▶ WORK REQUEST:
Starting with the opening line of the material, restate every line word for word, and end on the line containing "Raboesch lodní šroub".

▶ PROVIDED ENTRIES:
******************************

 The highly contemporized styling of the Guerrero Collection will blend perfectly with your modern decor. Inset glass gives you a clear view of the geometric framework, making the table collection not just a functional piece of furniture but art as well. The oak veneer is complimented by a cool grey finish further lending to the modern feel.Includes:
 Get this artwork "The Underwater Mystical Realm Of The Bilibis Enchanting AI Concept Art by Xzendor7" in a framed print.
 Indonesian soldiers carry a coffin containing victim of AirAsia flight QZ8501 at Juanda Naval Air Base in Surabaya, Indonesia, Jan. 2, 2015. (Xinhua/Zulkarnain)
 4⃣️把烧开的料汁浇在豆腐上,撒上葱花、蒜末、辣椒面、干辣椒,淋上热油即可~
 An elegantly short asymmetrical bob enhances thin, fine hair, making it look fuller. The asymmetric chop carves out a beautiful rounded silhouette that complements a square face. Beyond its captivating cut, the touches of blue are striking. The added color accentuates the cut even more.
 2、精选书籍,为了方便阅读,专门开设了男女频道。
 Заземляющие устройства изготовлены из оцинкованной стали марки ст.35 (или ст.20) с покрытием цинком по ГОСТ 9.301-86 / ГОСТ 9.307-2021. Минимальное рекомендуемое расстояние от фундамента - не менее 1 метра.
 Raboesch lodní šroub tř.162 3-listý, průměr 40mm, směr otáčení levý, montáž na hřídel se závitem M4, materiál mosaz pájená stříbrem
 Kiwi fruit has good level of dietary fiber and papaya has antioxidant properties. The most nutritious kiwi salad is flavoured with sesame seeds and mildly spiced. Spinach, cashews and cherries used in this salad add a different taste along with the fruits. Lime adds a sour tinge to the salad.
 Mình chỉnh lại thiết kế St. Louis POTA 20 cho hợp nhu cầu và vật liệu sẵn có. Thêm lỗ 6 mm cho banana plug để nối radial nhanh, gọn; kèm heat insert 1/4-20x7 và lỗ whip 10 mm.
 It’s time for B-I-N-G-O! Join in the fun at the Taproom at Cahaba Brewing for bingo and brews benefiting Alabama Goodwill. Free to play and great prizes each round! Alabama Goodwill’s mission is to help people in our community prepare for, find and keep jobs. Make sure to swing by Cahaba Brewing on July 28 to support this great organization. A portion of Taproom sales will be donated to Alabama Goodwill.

******************************

▶ OUTPUT:
 The highly contemporized styling of the Guerrero Collection will blend perfectly with your modern decor. Inset glass gives you a clear view of the geometric framework, making the table collection not just a functional piece of furniture but art as well. The oak veneer is complimented by a cool grey finish further lending to the modern feel.Includes:
 Get this artwork "The Underwater Mystical Realm Of The Bilibis Enchanting AI Concept Art by Xzendor7" in a framed print.
 Indonesian soldiers carry a coffin containing victim of AirAsia flight QZ8501 at Juanda Naval Air Base in Surabaya, Indonesia, Jan. 2, 2015. (Xinhua/Zulkarnain)
 4⃣️把烧开的料汁浇在豆腐上,撒上葱花、蒜末、辣椒面、干辣椒,淋上热油即可~
 An elegantly short asymmetrical bob enhances thin, fine hair, making it look fuller. The asymmetric chop carves out a beautiful rounded silhouette that complements a square face. Beyond its captivating cut, the touches of blue are striking. The added color accentuates the cut even more.
 2、精选书籍,为了方便阅读,专门开设了男女频道。
 Заземляющие устройства изготовлены из оцинкованной стали марки ст.35 (или ст.20) с покрытием цинком по ГОСТ 9.301-86 / ГОСТ 9.307-2021. Минимальное рекомендуемое расстояние от фундамента - не менее 1 метра.
 Raboesch lodní šroub tř.162 3-listý, průměr 40mm, směr otáčení levý, montáž na hřídel se závitem M4, materiál mosaz pájená stříbrem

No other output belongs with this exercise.